猫が撫でられたい体のパーツ5選
猫が「触ってほしい」と感じる場所には、実は習性や体の構造に基づいた理由があります。自分でグルーミングしにくい場所、においをつける場所――そういった部位ほど、触れてもらうと喜びやすいのです。
1.あごの下
自分では手入れしにくい場所だからこそ、撫でられると気持ちよく感じやすい部位です。指先で軽くかいてあげるように触れると、とろけるような表情を見せてくれる子も多いです。
あごをこちらに向けて上げてくる、のどをゴロゴロ鳴らすのは「もっとやって」のサインです。まだ慣れていない猫でも、ここから始めると受け入れてもらいやすいことがあります。
2.頬・顔まわり
頬にはにおい腺があり、猫が人や物にスリスリする場所でもあります。「自分のにおいをつける=安心できる相手」という意味合いもあるため、触れさせてくれるのは信頼のサインです。
指先でつつくより、手の甲や指の腹でやさしくなでるほうが好まれやすいです。耳の後ろから頬にかけてゆっくり流すように触れると、気持ちよさそうに目を細める子が多いです。
3.おでこ
頭をぐいっと押しつけてくる子は、おでこを撫でてほしいサインであることが多いです。猫どうしが額をくっつけ合う「バンティング」と同じ感覚で、親しみや安心感の表れでもあります。
力を入れすぎず、軽くリズムよく触れてあげると落ち着きやすくなります。

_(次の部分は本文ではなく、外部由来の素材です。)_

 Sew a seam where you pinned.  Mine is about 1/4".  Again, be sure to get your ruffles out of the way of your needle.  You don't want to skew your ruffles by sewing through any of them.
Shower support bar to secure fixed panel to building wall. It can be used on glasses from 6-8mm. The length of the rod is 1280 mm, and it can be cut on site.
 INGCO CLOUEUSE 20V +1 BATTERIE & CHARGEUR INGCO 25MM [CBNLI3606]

目の間から頭頂部に向かってゆっくりなでるのが、特に喜ばれやすいコースです。
4.首まわり・肩のあたり
自分では届きにくい首や肩は、撫でられるとコリがほぐれるような心地よさを感じる子もいます。猫どうしのグルーミングでも首まわりを舐め合うことが多く、信頼している相手に触れてもらうと安心しやすい部位です。

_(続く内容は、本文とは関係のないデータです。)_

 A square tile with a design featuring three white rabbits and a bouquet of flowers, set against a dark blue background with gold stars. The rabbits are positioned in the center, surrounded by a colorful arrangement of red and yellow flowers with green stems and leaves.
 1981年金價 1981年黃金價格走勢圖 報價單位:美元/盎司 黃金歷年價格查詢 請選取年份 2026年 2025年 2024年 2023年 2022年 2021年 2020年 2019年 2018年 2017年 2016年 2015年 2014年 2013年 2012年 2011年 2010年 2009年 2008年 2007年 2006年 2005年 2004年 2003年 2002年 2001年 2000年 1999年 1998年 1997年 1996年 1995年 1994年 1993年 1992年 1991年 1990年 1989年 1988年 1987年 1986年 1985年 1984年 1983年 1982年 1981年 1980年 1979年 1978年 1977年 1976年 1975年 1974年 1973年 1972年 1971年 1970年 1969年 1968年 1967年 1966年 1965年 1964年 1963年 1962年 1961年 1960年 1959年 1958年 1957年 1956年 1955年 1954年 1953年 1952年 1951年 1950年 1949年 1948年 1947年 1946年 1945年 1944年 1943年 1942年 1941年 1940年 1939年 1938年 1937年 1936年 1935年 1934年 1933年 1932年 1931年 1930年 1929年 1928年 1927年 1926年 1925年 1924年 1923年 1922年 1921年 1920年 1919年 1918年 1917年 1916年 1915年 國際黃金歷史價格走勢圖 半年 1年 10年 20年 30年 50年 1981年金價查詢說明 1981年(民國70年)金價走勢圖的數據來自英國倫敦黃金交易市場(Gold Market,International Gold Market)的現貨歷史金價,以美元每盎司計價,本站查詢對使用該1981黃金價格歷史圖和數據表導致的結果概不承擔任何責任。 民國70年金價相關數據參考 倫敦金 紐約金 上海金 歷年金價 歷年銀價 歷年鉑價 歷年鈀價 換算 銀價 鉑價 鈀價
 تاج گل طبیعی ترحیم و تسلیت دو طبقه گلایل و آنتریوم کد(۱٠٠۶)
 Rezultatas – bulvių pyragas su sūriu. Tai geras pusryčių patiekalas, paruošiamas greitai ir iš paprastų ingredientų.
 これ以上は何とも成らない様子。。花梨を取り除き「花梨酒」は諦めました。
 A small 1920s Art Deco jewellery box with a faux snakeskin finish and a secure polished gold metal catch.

ブラッシングが好きな子なら、このあたりから始めると受け入れてもらいやすいです。少し圧をかけながらゆっくりもむように触れると、うっとりした顔を見せてくれることがあります。
5.しっぽの付け根・背中
付け根あたりを気持ちよさそうにする猫は多く、思わずおしりを持ち上げる子もいます。これは「もっと触って」という意思表示で、気持ちよさを全身で表現しているサインです。
背中は比較的触られることに慣れている子が多く、初めてのスキンシップにも向いている部位です。ただし付け根に近づくほど敏感になる子もいるので、反応を見ながら少しずつ触る範囲を広げていきましょう。
嫌がりやすい部位
撫でる場所を間違えると、それまで気持ちよさそうにしていた猫が、突然豹変することがあります。
好かれやすい部位がある一方で、多くの猫が触られるのを苦手にしやすい場所も存在します。スキンシップを長続きさせるために、避けたほうが無難な部位を知っておきましょう。
足先、肉球 お腹 しっぽそのもの 背中の下部(腰まわり)嫌がる部位を無理に触り続けると、猫にとって「触られる=嫌なこと」という記憶になってしまいます。苦手な場所には手を出さない、嫌がるそぶりが見えたらすぐ止める――この2つを守るだけで、スキンシップへの信頼感はぐっと高まります。